Upon publication, the theorem quickly influenced early studies in space complexity, serving as a cornerstone for analyzing problems like quantified Boolean formulas and establishing the equivalence of deterministic and nondeterministic polynomial space. It was prominently featured and cited in seminal textbooks, such as John E. Hopcroft and Jeffrey D. Ullman's 1979 Introduction to Automata Theory, Languages, and Computation, which helped disseminate its implications to a broader audience of researchers and students. By the 1980s, the result had become widely known as Savitch's theorem in surveys and monographs on complexity theory, solidifying its status as a landmark achievement in the field's foundational development.[12]
Proof Overview
High-Level Strategy
The proof of Savitch's theorem revolves around deterministically simulating a nondeterministic Turing machine (NTM) that uses space s(n) to decide if there exists an accepting computation path from the initial configuration to an accepting one. This simulation avoids explicitly exploring all possible paths by reducing the acceptance problem to a reachability query in an implicit graph of configurations.

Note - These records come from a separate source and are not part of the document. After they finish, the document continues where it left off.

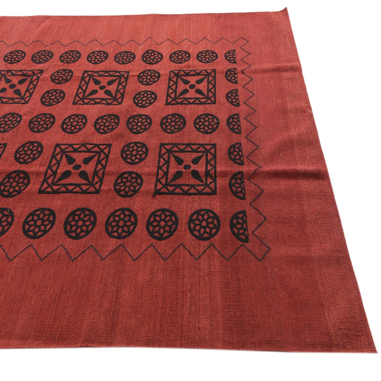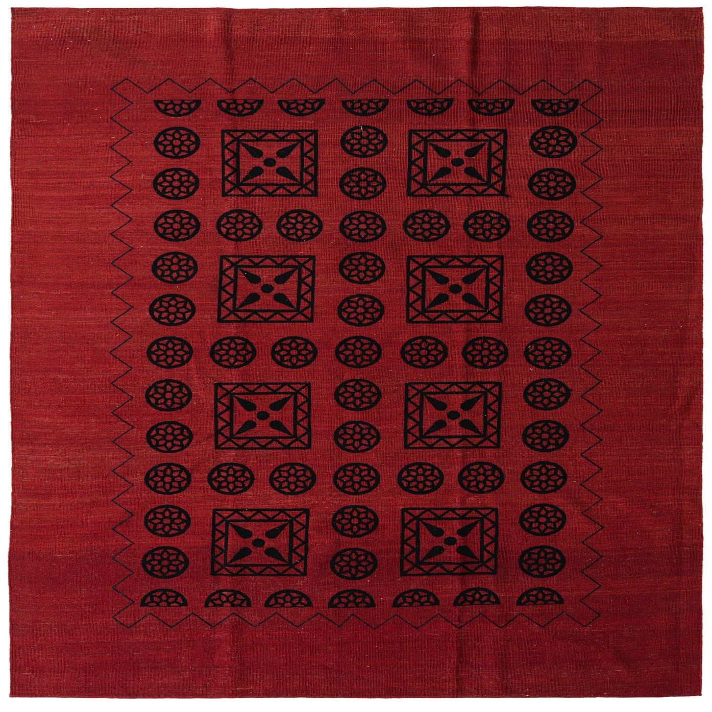 Primary color is Red. Colors in this rug include: Red, Black.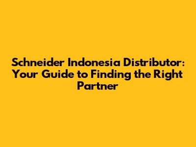 Hey guys! Looking for a Schneider Electric distributor in Indonesia? You've landed in the right spot. In this article, we'll walk you through everything you need to know to find the perfect partner for your electrical needs. Whether you're working on a large-scale industrial project or need reliable components for your business, understanding the landscape of Schneider distributors in Indonesia is key.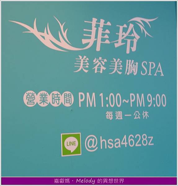 首次前往體驗專業美胸,雖然已為人母,依舊有些擔心又害怕,大門上清楚標示著"男賓止步",著實讓我放心不少。

A configuration of the NTM encapsulates its current state, the contents of the tape limited to s(n) cells, and the positions of the tape heads; since each component is bounded, the total number of possible configurations is at most $2^{O(s(n))}. These configurations form the vertices of a directed graph, where edges represent valid single-step transitions computable in space O(s(n)). The core challenge lies in the exponential size of this graph—too vast to construct or traverse explicitly in subexponential space—necessitating a clever method to verify reachability without materializing the entire structure.
The high-level strategy employs a divide-and-conquer paradigm on the potential path lengths, assuming a maximum computation length bounded by $2^{O(s(n))}. It recursively checks for the existence of a midpoint configuration reachable from the start in half the steps and from which the target is reachable in the remaining half, effectively counting paths through intermediate points without storing the full graph. This recursive decomposition ensures that the space overhead remains quadratic in s(n), as the depth of recursion aligns with the logarithm of the path length while reusing space across levels.
Configuration Graph Approach
The configuration graph approach formalizes the computation of a nondeterministic Turing machine (NTM) as a directed graph, enabling a deterministic simulation by reducing acceptance to a reachability problem. In this model, vertices represent all possible configurations of the NTM on a given input of length n, where a configuration is a triple consisting of the current state, the contents of the work tape (of length at most s(n), the space bound), and the positions of the read/write heads on the input and work tapes.[13][14] Each edge in the graph corresponds to a single transition step of the NTM according to its transition function, with nondeterminism manifesting as an out-degree bounded by a constant (the maximum number of choices per configuration).[13][15]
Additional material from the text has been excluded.